Monday, September 26, 2016

Decoding TINKER TILOR SOLDIER SPY Part 2

Okay, so what about this crazy idea of a painting being a visual cipher to decode this film's visual language? And what in the world is visual language anyway? 

Well, to answer the second question first: to my mind visual language is the unique expression of visual design choices that permeate a work of art. It is the unique visual fingerprint, which in the case of a film is generally the product of how the creative crew (cinematographer, set designer, costumer, art director, and so on), all serve or inform a director's vision. 

I will go into more examples of visual language in a future post, but for this one I am proposing that the design choices in this painting act as a blueprint for the unique visual language that carries through almost every shot of the film.


Now there might be some symbolic meaning to the painting itself, what it mainly did for me was change how I looked at every shot of the movie afterwards.

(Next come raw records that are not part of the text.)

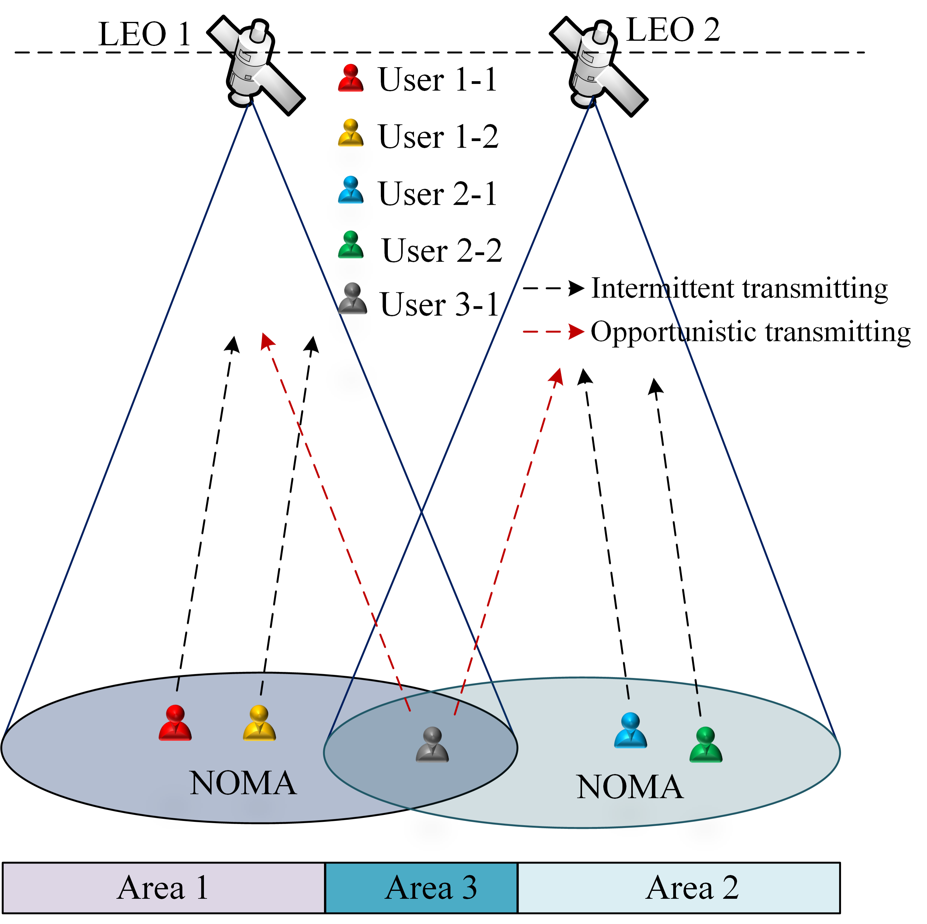 图1.不同低轨卫星覆盖下,地面上行用户传输场景的频谱感知模型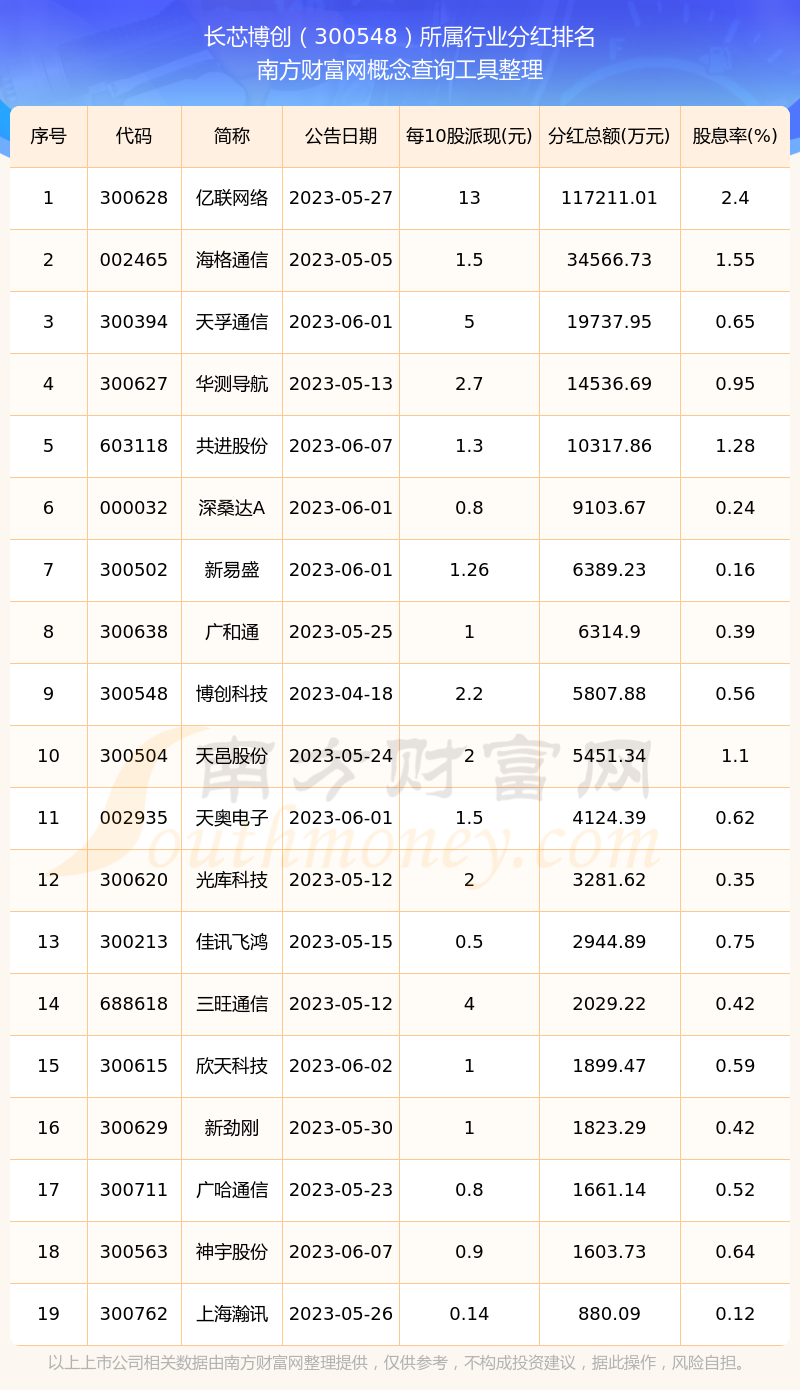 按照南方财富网趋势选股系统统计,长芯博创所属行业为光纤行业,光纤行业分红排名情况如下表: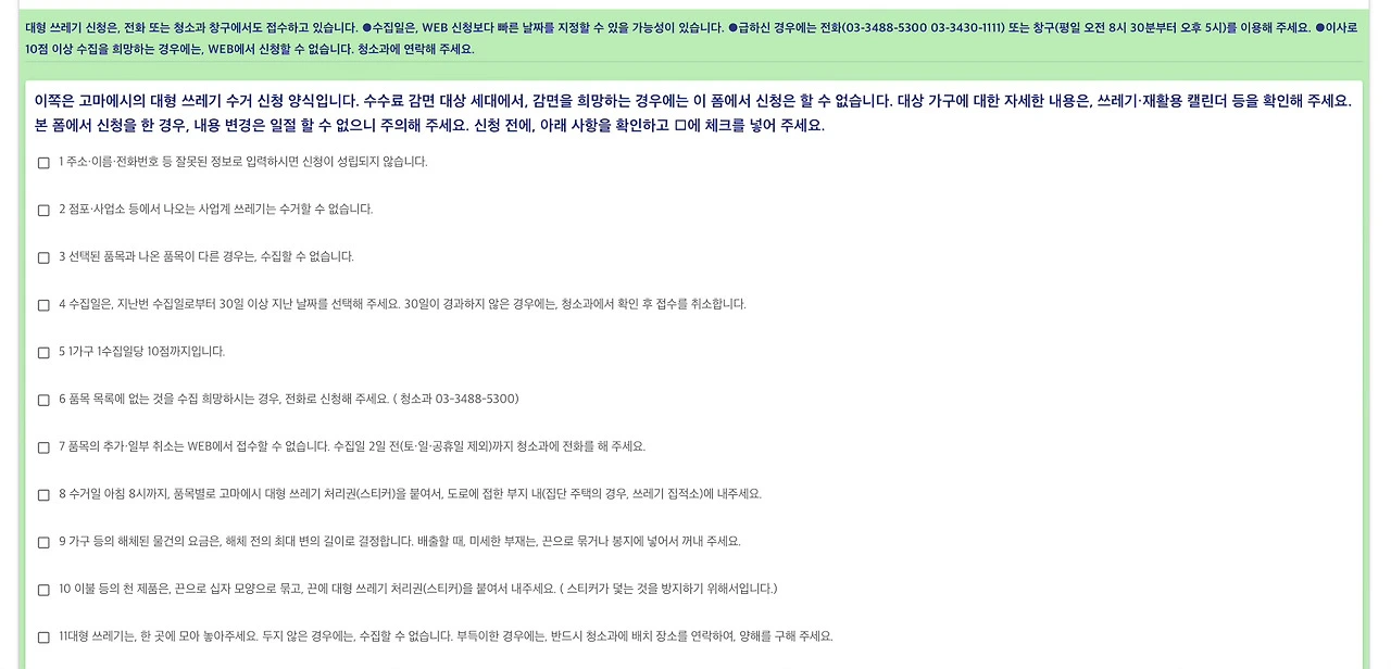 쓰레기 수거 양식 폼이다. 신청 전에 주의 사항을 확인하고 체크한다.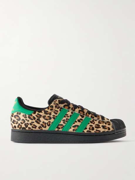 adidas Originals' 'Superstar II' sneakers are in demand this season, and this pair has a unique take. They're made from plush leopard-print calf hair with leather trims and have distinctive rubber toes.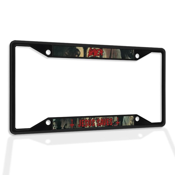 Fastasticdeals Metal Insert License Plate Frame Slayer Jesus Saves Weatherproof Car Accessories Black 4 Holes Solid Insert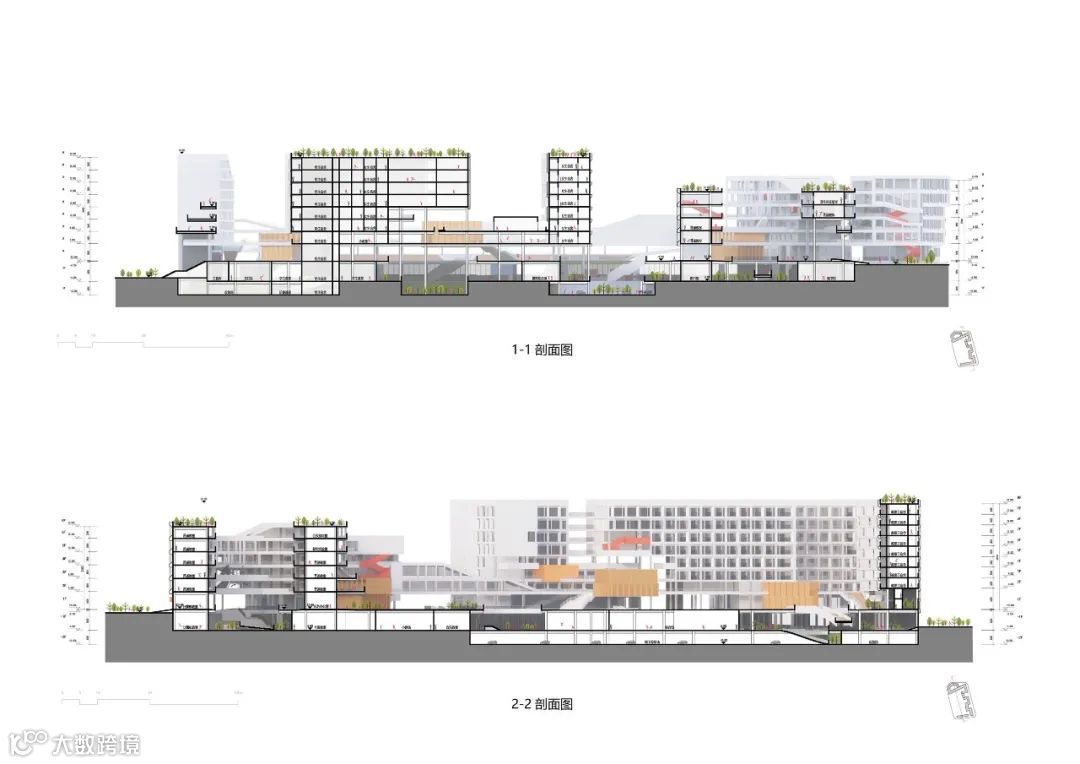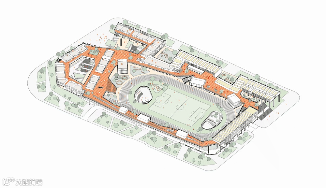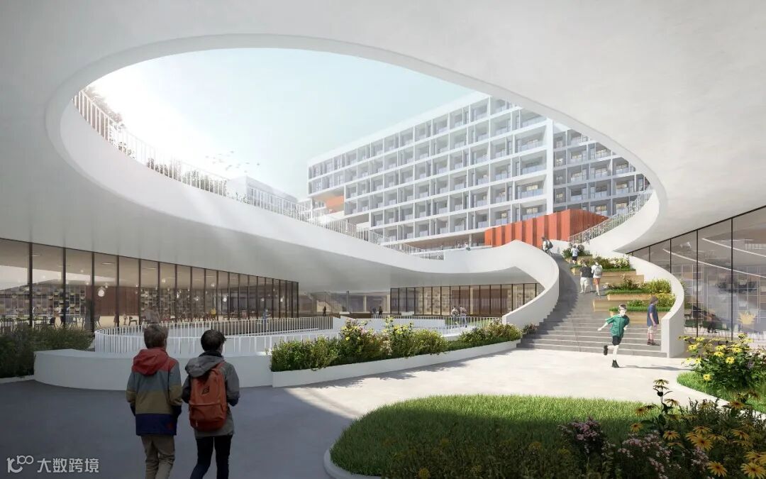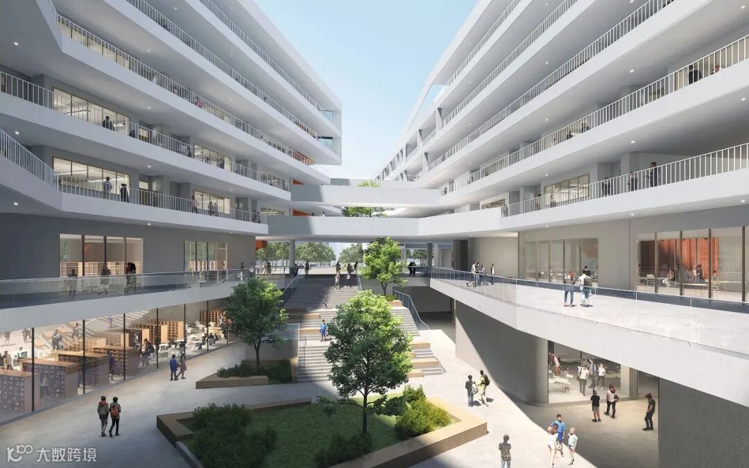 2/ 设置巨型立体环廊串联整个校园,在水平方向上增加了每个学生的平均公共活动空间面积,在垂直方向上使得学生在课间休息时能快速到达地面活动层。

The painting is a visual pattern, a relationship of squares that hold some significant yet unknown relationship to each other. To me they almost felt like post-it notes, or index cards pinned together on a bulletin board, the meaning of their relationship indecipherable simply because the cards are blank. 

Okay, a bit of a stretch I’ll admit. But in the following sequence of a conversation that sets in motion the mystery of the mole who Smiley must uncover, look what we are shown on this phone booth: squares upon squares on the glass--more post-its, cards, notes, what have you, all blank, at least from our view. While the cards serve a purpose of masking the identity of the caller, this could have been easily achieved with a different camera angle or with obscured glass. By the third shot the notes on the glass are so prominent it's hard to imagine they don't hold some greater significance.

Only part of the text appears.